Goal of the exercise —
An exact copy of the data is needed, one that excludes all pictures.

Records excerpted from a collection —
• • •

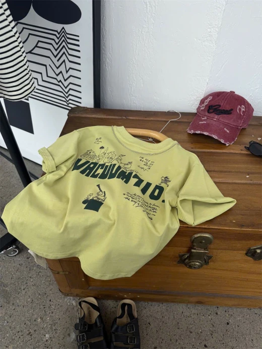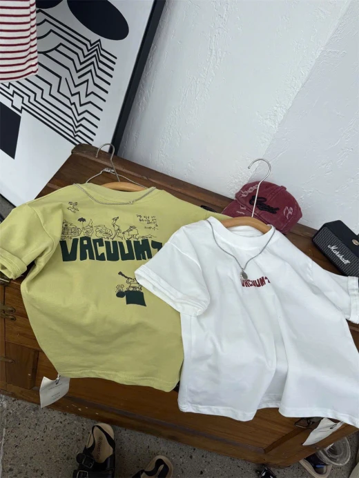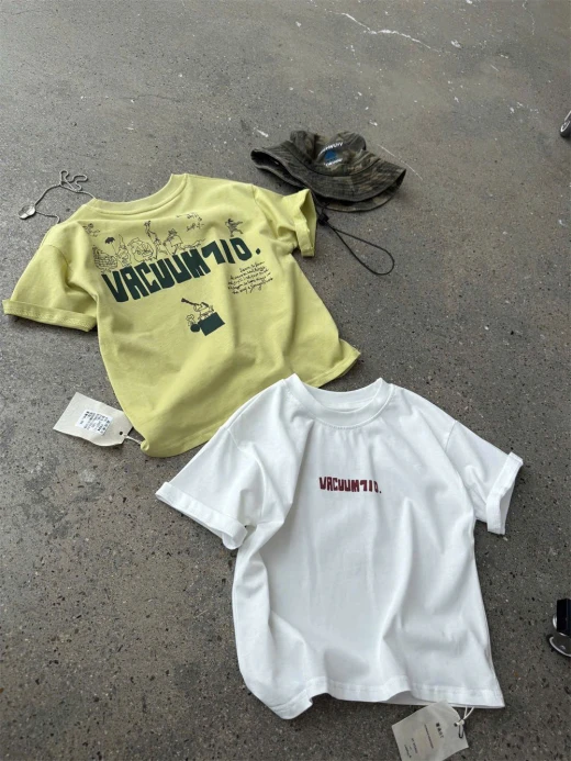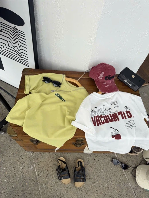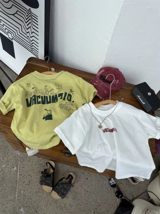 1804gc12 ÁO THUN IN CHỮ LƯNG ✔2 màu : trắng , vàng ✔Size : 100-150 🌸 giá 126k 🐬 chốt 18/4
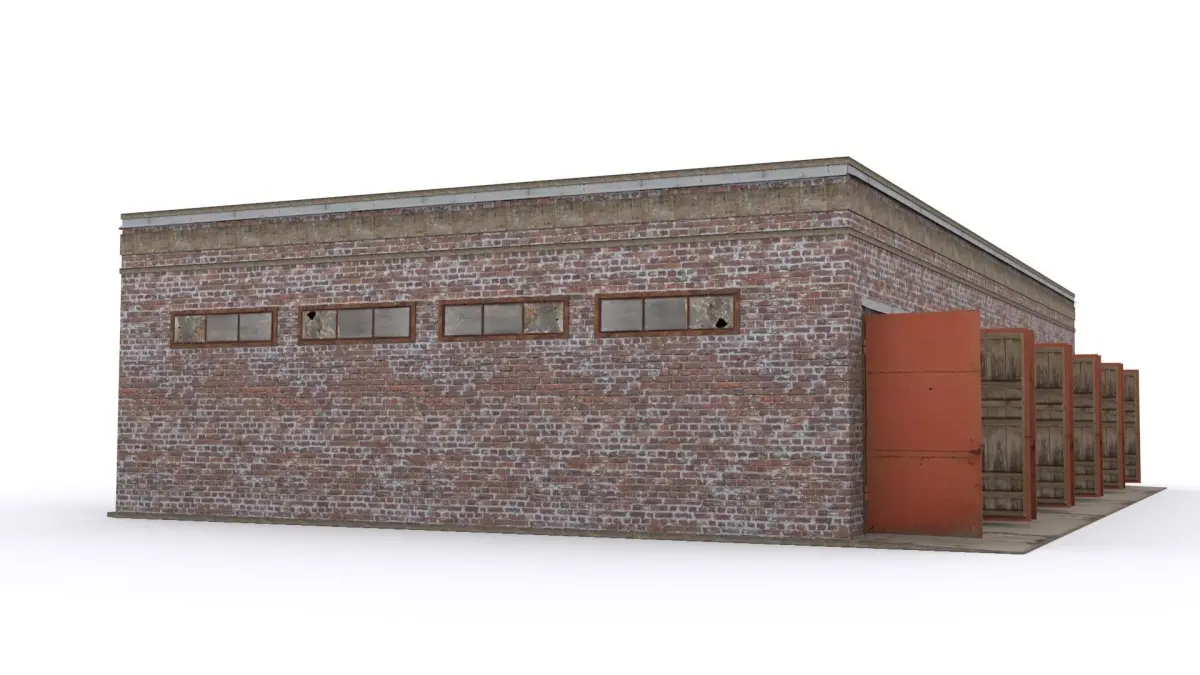 Garage brick building Low-poly 3D model
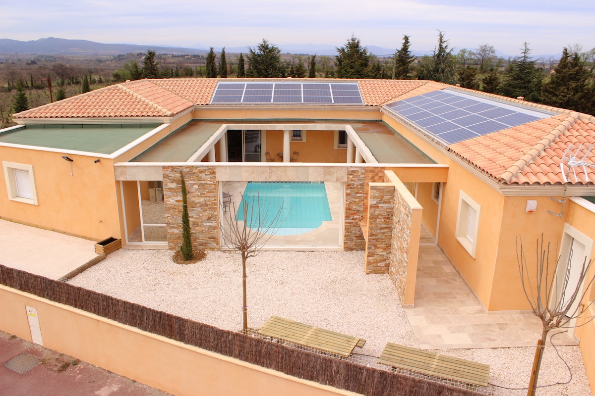 配備私人室外泳池的度假別墅 提供涼亭和夏季廚房( BBQ plancha ) ,保證放鬆身心 房源有3間臥室( 160公分2張牀和1張敞篷沙發)、2間浴室、2間廁所、廚房、健身房和40平方公尺的客廳 抵達時,我們會整理牀鋪,並免費提供毛巾 我們接受攜帶寵物
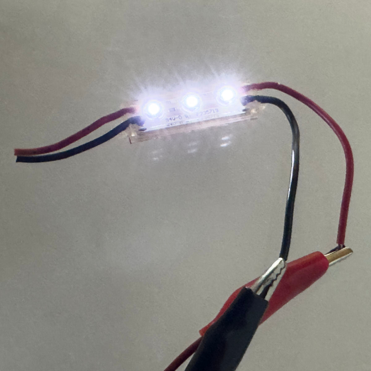 Encapsulated 3 LED bright cool white light bar operates on 12VDC. Has peel and stick pad on bottom and 2 mounting holes on 1.7" centers. Size including mounting ears 1.9" L x 0.44" x 0.37" thick. Has 2 extra leads shown so you can connect to another bar. New.
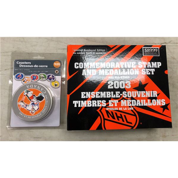 NHL All Stars Commemorative stamp & medallion set & NHL drink coasters set
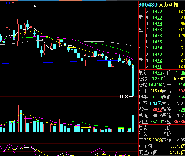 9日开盘,小幅低开的光力科技一直都是窄幅整理,10点20分左右,其股价开始放量走低,跌幅逐渐扩大,接近当日午间收盘时,其跌幅扩大至3%。而午后开盘,股价更是大幅跳水,不到20分钟股价跌幅进一步扩大至10%以上,休整2分钟后,其股价又开始一波跳水,这期间,成交量也是逐步放大。截至当日收盘,光力科技跌幅定格在14.49%。
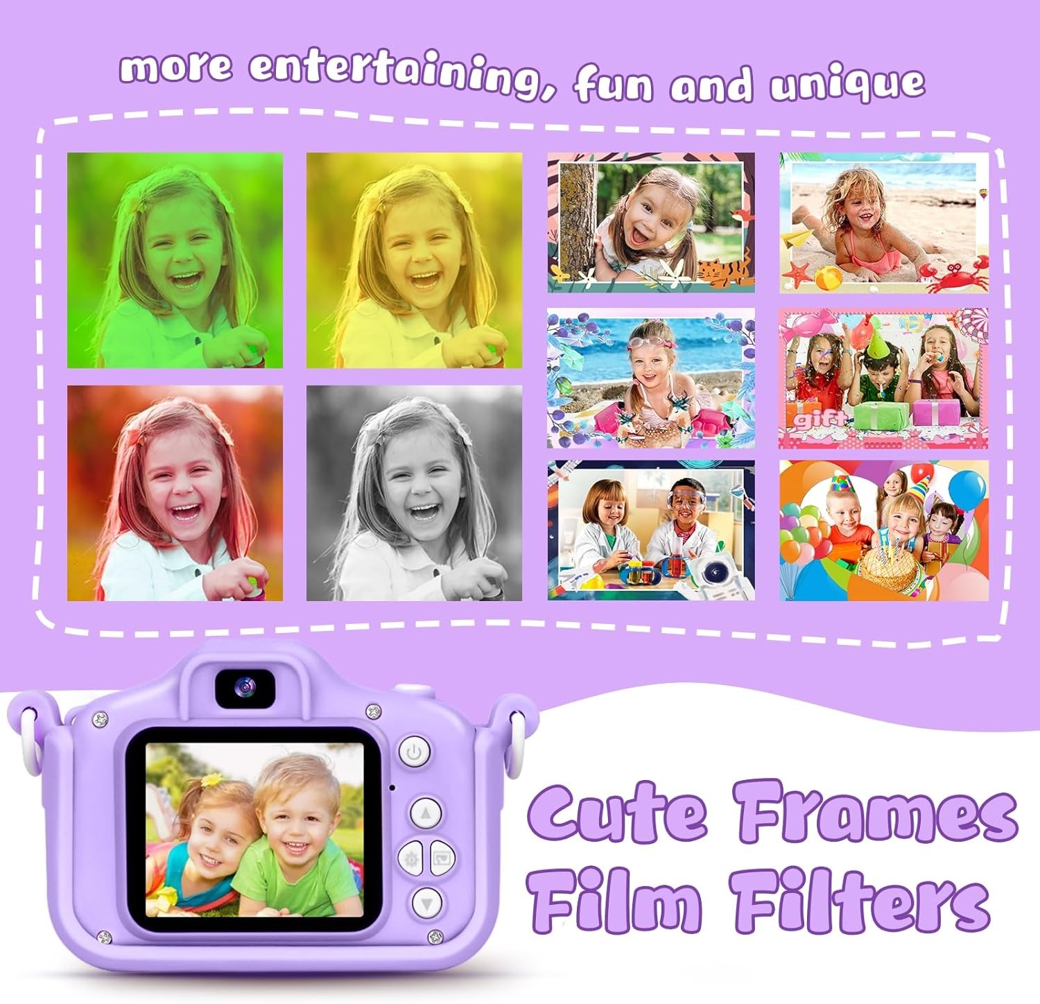 Designed with simple buttons, a lightweight body, and a comfortable grip, this camera is ideal for small hands. 📱✨ Kids can easily take photos, record videos, and even play mini games! 🎯🧩
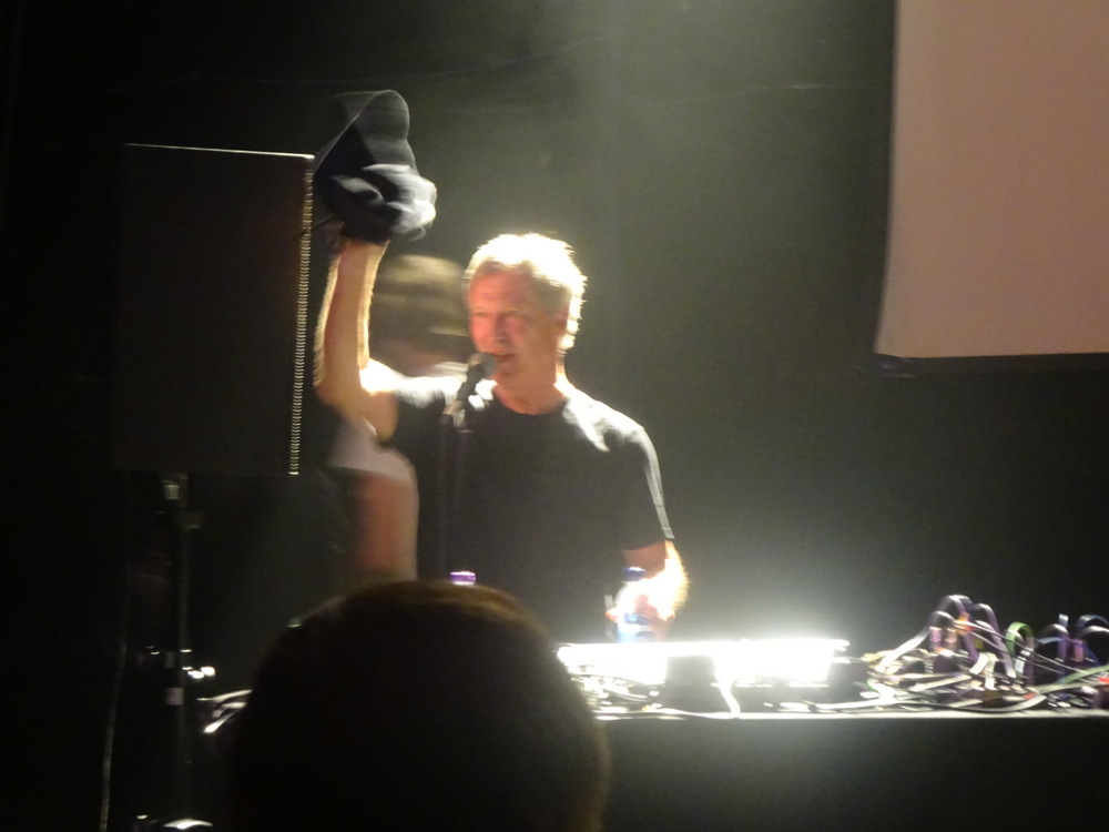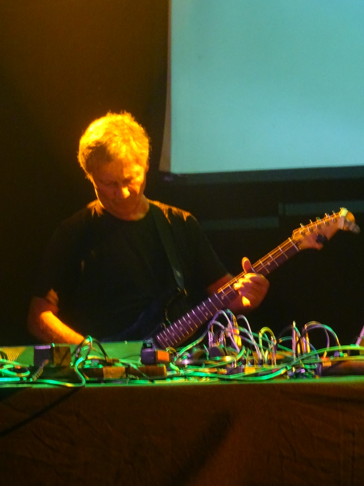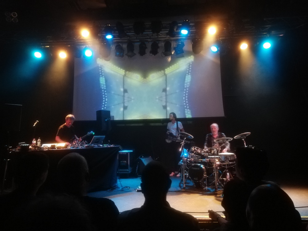 Doors open at 19.00, – plus Special Guests – said the ticket. The room was surprisingly empty at 19.30 when we entered, there was no support act. Instead a chap sat at a laptop and played stuff that nobody knew. How do these guys get these gigs, and why are they indulged? A posted notice said Michael Rother would take to the stage at 20.30, he did, more or less.
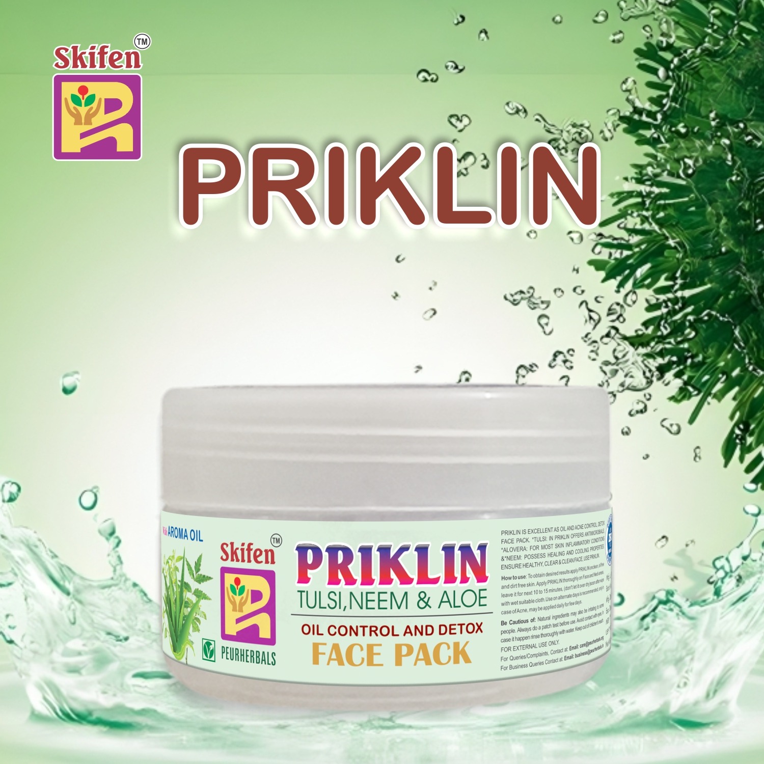 प्रिक्लिन फेस पैक मिश्रित और तैलीय त्वचा के लिए उपयुक्त है, खासकर उन लोगों के लिए जो कील, मुंहासे, हाइपरपिग्मेंटेशन और दाग-धब्बों से ग्रस्त हैं ।
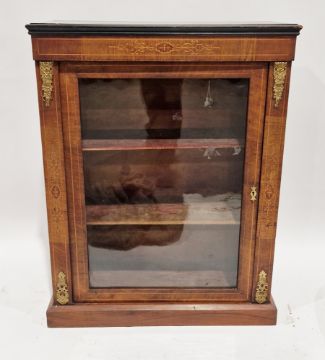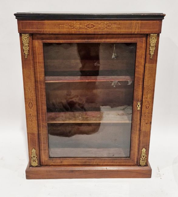 Victorian inlaid walnut pier cabinet with ormolu mounts, the single glazed door opening to two fabric lined shelves, on plinth base, with key, 99cm high x 76cm wide x 32cm deep
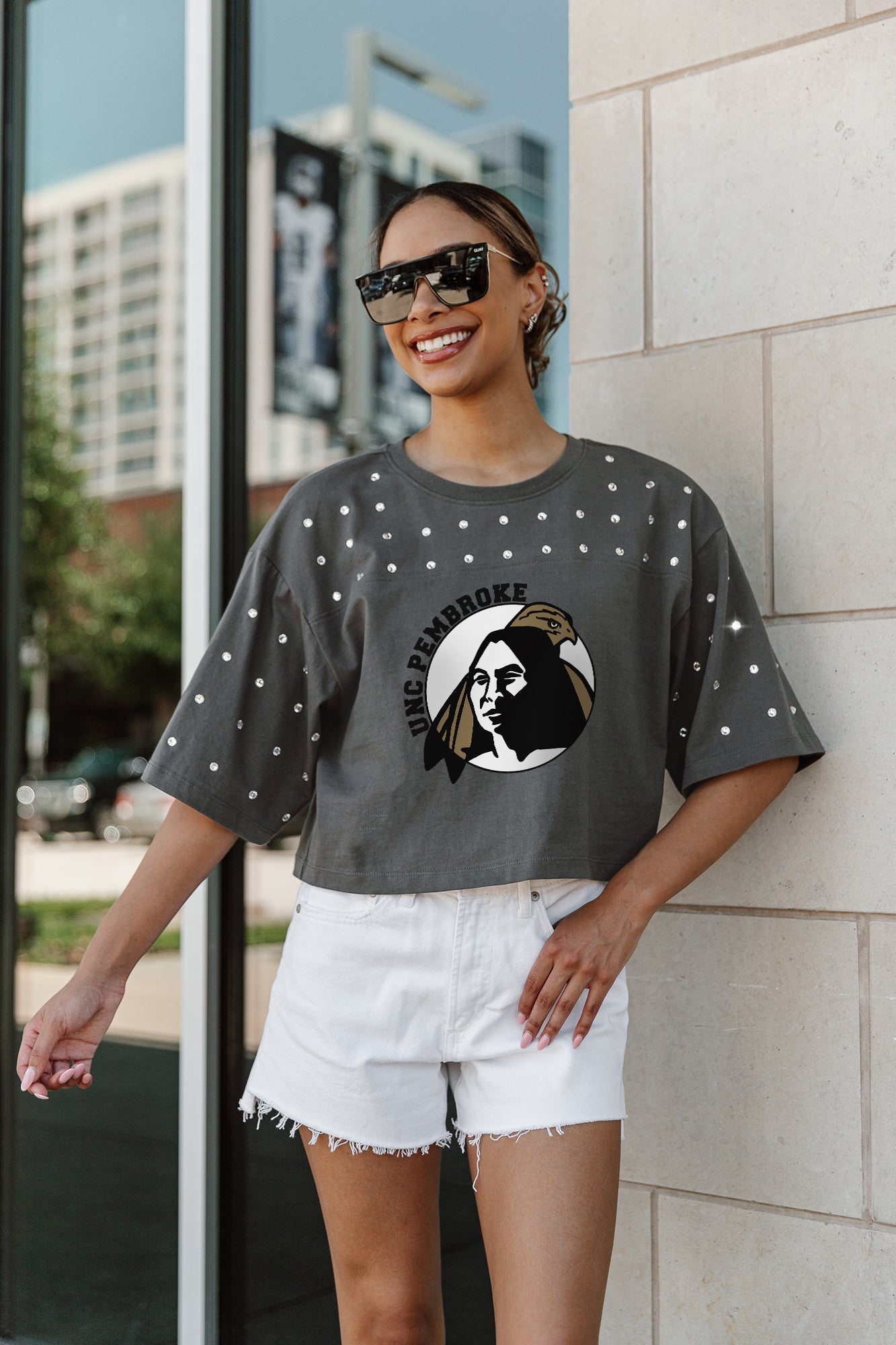 Shine with pride in our Unc At Pembroke Braves all-over rhinestone cropped tee with yoke. Whether you're cheering from the stands or hitting the town, embrace effortless style and comfort while standing out from the crowd.
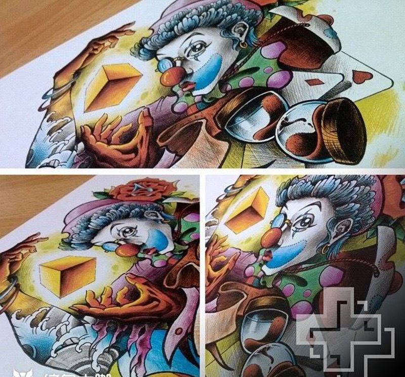 当前位置: 首页 >河北省保定市纹身店-蝉鸣刺青工作室纹身图案>小丑纹身图片_手稿胸部腰部背部手臂腿部欧美人物原创纹身图案
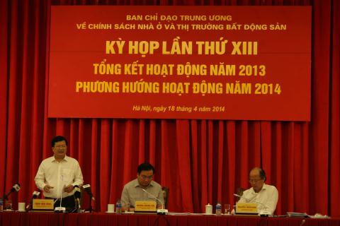 Bộ trưởng Bộ Xây dựng Trịnh Đình Dũng cho biết tại buổi họp Ban chỉ đạo trung ương về chính sách nhà ở và thị trường bất động sản liên quan đến nội dung kiến nghị của Bộ Xây dựng trình lên Thủ tướng Chính phủ về việc yêu cầu địa phương không cấp phép xây dựng các dự án phát triển nhà ở thương mại, các dự án khu đô thị mới trong năm 2014.
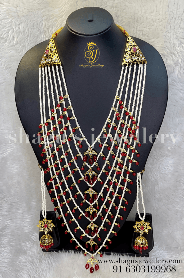 Step into a world of opulence with this exquisite necklace set. Crafted with intricate artistry, this grandiose ensemble captures the essence of royalty. The Lucknowi satlara set, lavishly embellished with gleaming 22k gold plating, is adorned with a striking combination of ruby red beads and lustrous white pearls. Its seven-layer design gracefully cascades, exuding a regal aura fit for a queen. The pièce de résistance lies in the magnificent jhumka, elegantly dangling from the set, reflecting the grandeur of traditions. Whether it’s for a bridal occasion or a glamorous party, this necklace set simply radiates magnificence and allure.
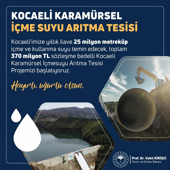 İhsaniye Barajından, Kocaeli’nin Gölcük ve Karamürsel ilçeleri ile bu iki ilçe arasındaki sahil şeridinde yer alan yerleşimlere sağlıklı içme ve kullanma suyu sağlayacak, 370 milyon TL bedelli projemizi başlatıyoruz.

• • •

Completed task —
 1804gc12 ÁO THUN IN CHỮ LƯNG ✔2 màu : trắng , vàng ✔Size : 100-150 🌸 giá 126k 🐬 chốt 18/4
 Garage brick building Low-poly 3D model
 配備私人室外泳池的度假別墅 提供涼亭和夏季廚房( BBQ plancha ) ,保證放鬆身心 房源有3間臥室( 160公分2張牀和1張敞篷沙發)、2間浴室、2間廁所、廚房、健身房和40平方公尺的客廳 抵達時,我們會整理牀鋪,並免費提供毛巾 我們接受攜帶寵物
 Encapsulated 3 LED bright cool white light bar operates on 12VDC. Has peel and stick pad on bottom and 2 mounting holes on 1.7" centers. Size including mounting ears 1.9" L x 0.44" x 0.37" thick. Has 2 extra leads shown so you can connect to another bar. New.
 NHL All Stars Commemorative stamp & medallion set & NHL drink coasters set
 9日开盘,小幅低开的光力科技一直都是窄幅整理,10点20分左右,其股价开始放量走低,跌幅逐渐扩大,接近当日午间收盘时,其跌幅扩大至3%。而午后开盘,股价更是大幅跳水,不到20分钟股价跌幅进一步扩大至10%以上,休整2分钟后,其股价又开始一波跳水,这期间,成交量也是逐步放大。截至当日收盘,光力科技跌幅定格在14.49%。
 Designed with simple buttons, a lightweight body, and a comfortable grip, this camera is ideal for small hands. 📱✨ Kids can easily take photos, record videos, and even play mini games! 🎯🧩
 Doors open at 19.00, – plus Special Guests – said the ticket. The room was surprisingly empty at 19.30 when we entered, there was no support act. Instead a chap sat at a laptop and played stuff that nobody knew. How do these guys get these gigs, and why are they indulged? A posted notice said Michael Rother would take to the stage at 20.30, he did, more or less.
 प्रिक्लिन फेस पैक मिश्रित और तैलीय त्वचा के लिए उपयुक्त है, खासकर उन लोगों के लिए जो कील, मुंहासे, हाइपरपिग्मेंटेशन और दाग-धब्बों से ग्रस्त हैं ।
 Victorian inlaid walnut pier cabinet with ormolu mounts, the single glazed door opening to two fabric lined shelves, on plinth base, with key, 99cm high x 76cm wide x 32cm deep
 Shine with pride in our Unc At Pembroke Braves all-over rhinestone cropped tee with yoke. Whether you're cheering from the stands or hitting the town, embrace effortless style and comfort while standing out from the crowd.
 当前位置: 首页 >河北省保定市纹身店-蝉鸣刺青工作室纹身图案>小丑纹身图片_手稿胸部腰部背部手臂腿部欧美人物原创纹身图案
 Bộ trưởng Bộ Xây dựng Trịnh Đình Dũng cho biết tại buổi họp Ban chỉ đạo trung ương về chính sách nhà ở và thị trường bất động sản liên quan đến nội dung kiến nghị của Bộ Xây dựng trình lên Thủ tướng Chính phủ về việc yêu cầu địa phương không cấp phép xây dựng các dự án phát triển nhà ở thương mại, các dự án khu đô thị mới trong năm 2014.
 Step into a world of opulence with this exquisite necklace set. Crafted with intricate artistry, this grandiose ensemble captures the essence of royalty. The Lucknowi satlara set, lavishly embellished with gleaming 22k gold plating, is adorned with a striking combination of ruby red beads and lustrous white pearls. Its seven-layer design gracefully cascades, exuding a regal aura fit for a queen. The pièce de résistance lies in the magnificent jhumka, elegantly dangling from the set, reflecting the grandeur of traditions. Whether it’s for a bridal occasion or a glamorous party, this necklace set simply radiates magnificence and allure.
 İhsaniye Barajından, Kocaeli’nin Gölcük ve Karamürsel ilçeleri ile bu iki ilçe arasındaki sahil şeridinde yer alan yerleşimlere sağlıklı içme ve kullanma suyu sağlayacak, 370 milyon TL bedelli projemizi başlatıyoruz.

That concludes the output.